V.B. Raju, J.
1. This second appeal arises out of a finding of the first appellate Court that the suit open land is of the ownership of the plaintiffs by reason of their adverse possession for more than sixty years and that it does not belong to the defendant namely the State of Bombay.
2. No doubt the adequacy and sufficiency of evidence is always a question of fact and cannot be argued in second appeal. But whether user amounts to adverse possession is a question of law. It is also a question of law whether there is evidence of possession as distinguished from evidence of mere user. The concept of possession is an abstract one and it is not sufficient merely to prove user by tethering cattle as held in Framji Cursetji v. Goculdas Madhovji I.L.R. 16 Bombay 338 In that case in addition to tethering cattle some construction had also been made. But in spite of that it was held that the user by tethering cattle and the construction of a temporary structure would not amount to possession in the case of open land. Whether that would be sufficient or not to constitute possession is a question of law. It is true that we are here dealing with a blind alley in the middle of seven houses. In second appeal I must accept the appreciation of evidence by the first appellate Court. There is therefore evidence to show user of the site by tethering cattle for more than sixty years. But in my opinion that would not constitute possession. There is no evidence to prove that the user is exclusive user. It is true that the plaintiffs say that they are owners of the property.
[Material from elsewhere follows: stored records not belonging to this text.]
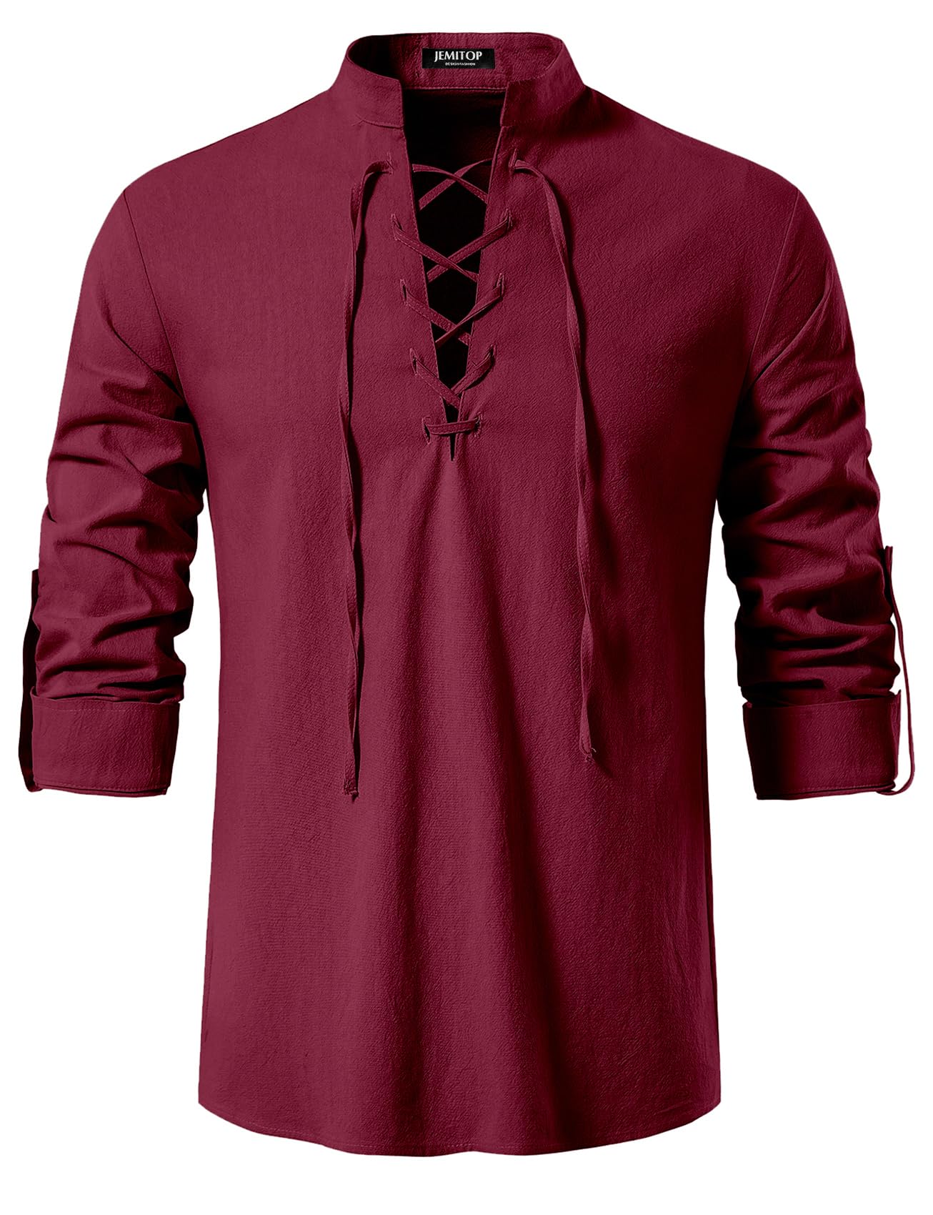Design Concept: Cosplay costume for renaissance,pirate,viking,medieval,halloween / Retro drawstring shirt / Regular fit / Mandarin collar / Long sleeve / Rolled sleeve
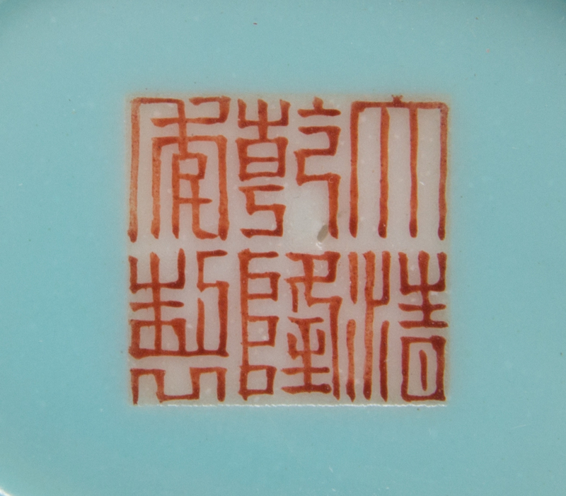 each having a baluster body decorated with lotus scrolls, the underside bearing a Qianlong six-character iron red mark.
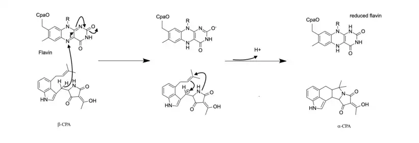 Three enzymes are utilized in the biosynthesis of α-CPA: the polypeptide CpaS, dimethylallyltransferase (CpaD), and flavoprotein oxidocyclase (CpaO).[3] CpaS is the first enzyme in the biosynthetic pathway and is a hybrid polyketide synthase- nonribosomal peptide synthetase (PKS-NRPS). It uses the precursors acetyl-CoA, malonyl-CoA, and tryptophan to produce cyclo-acetoaceytl-L-tryptophan (cAATrp).[3] The intermediate cAATrp is then prenylated with dimethylallyl pyrophosphate (DMAPP) by the enzyme CpaD to form the intermediate β-CPA. CpaD has high substrate specificity and will not catalyze prenylation in the presence of DMAPP's isomer isopentyl pyrophosphate (IPP) or the derivatives of cAATrp.[2] The third enzyme, CpaO, then acts on β-CPA through a redox mechanism that allows for intramolecular cyclization to form α-CPA.[3]
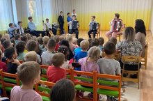 Сегодня наш детский сад, с концертом "Музыка нашего края", посетили учащиеся МБОУ ДО ДШИ № 1. Под руководством преподавателя музыкального отделения Исхаковой Л.А., дети представили интересную музыкальную программу. Познакомили дошкольников со звучанием таких инструментов, как, аккордеон, баян, гитара. Каждое выступление предваряла загадка о музыкальном инструменте, а услышав мелодию знакомой песни - дети с удовольствием подпевали ее. Выступления учеников музыкальной школы были одарены аплодисментами юных зрителей. Мы надеемся, что благодаря таким мероприятиям, творческие возможности детей дошкольного возраста будут находить своё дальнешее развитие в стенах музыкальной школы

Ownership must of course be exclusive. But it is for the Court to decide who is the owner. If there is evidence of exclusive user then perhaps we can infer adverse possession.
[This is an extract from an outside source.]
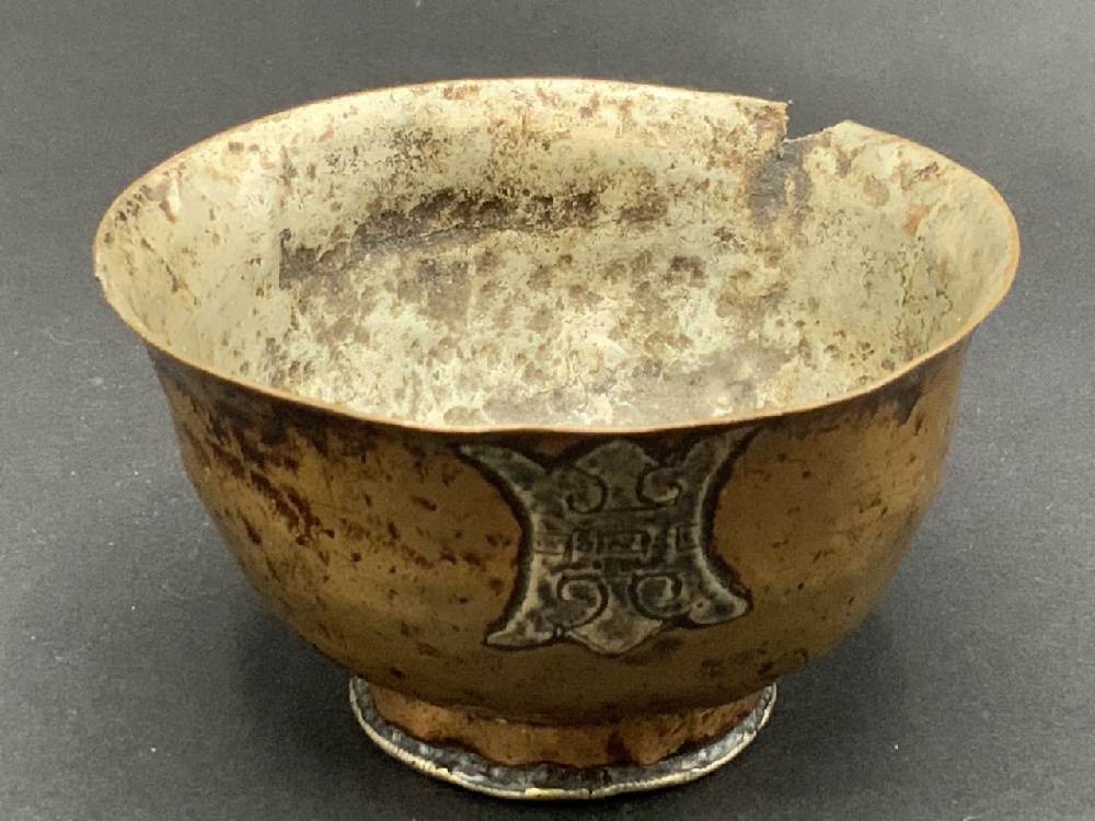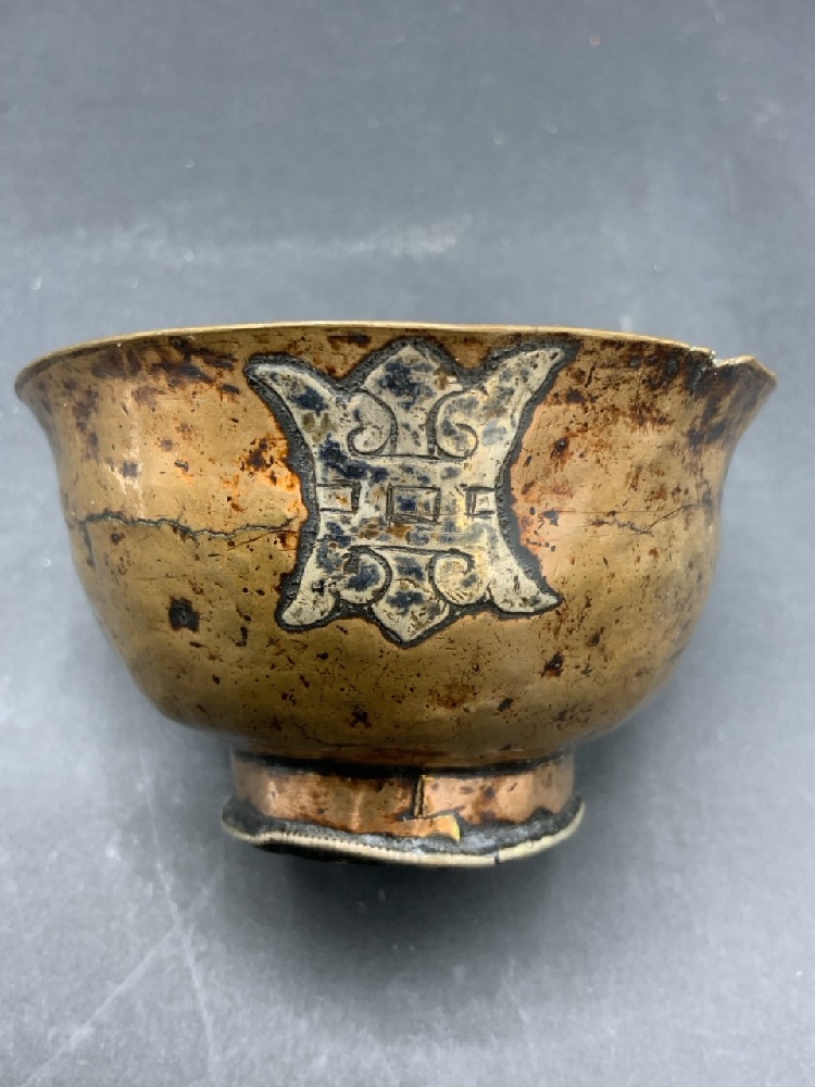 Antique Brass and Silver Mounted Wine Tasting or Ceremonial Cup.

3. It may be that there is no evidence on behalf of the Government to show that the suit site belongs to the Government. But there is a presumption under Section 37 of the Land Revenue Code unless that presumption is rebutted by the plaintiffs. It is true that one of the witnesses for the defendant has stated that only the owners of the houses in the Falia can make the use of the Falia open land. He is giving evidence as to what rights the owners of the houses in the Falia have. He is not giving evidence on any question of fact. The question as to who can make uses of the Falia is a question for the Court to decide. It is not a fact on which evidence can be given. In any case this is a suit filed by the plaintiffs to establish their ownership by adverse possession and the burden is on them to prove the title by adverse possession for the requisite period. They led evidence in respect of user by tethering cattle. Such a user does not amount to possession and cannot give rise to adverse possession. No evidence has been led about adverse nature. On both these grounds I must hold that the plaintiffs have failed to prove their title by adverse possession.
4. The Learned Counsel for the respondents has relied on Section 110 of the Indian Evidence Act. That section would come into operation if possession is proved. But in case of mere user without possession that section does not come into operation.
It is true that there is a blind alley in the present case. The suit open site in a blind alley can belong to some or all the owners of the houses in the Falia or it may be public street. There is a presumption under Section 37 of Land Revenue Code which can be rebutted under the said Code by the plaintiffs by leading evidence to prove possession for the requisite period. But this has not been done. As already observed the evidence of user is not evidence of possession and certainly it is not the evidence of adverse possession.
I, therefore, allow this second appeal and dismiss the plaintiffs suit. There will be no orders as to costs.
Certificate for leave to appeal under Clause 15 of the Letters Patent is grarrfed.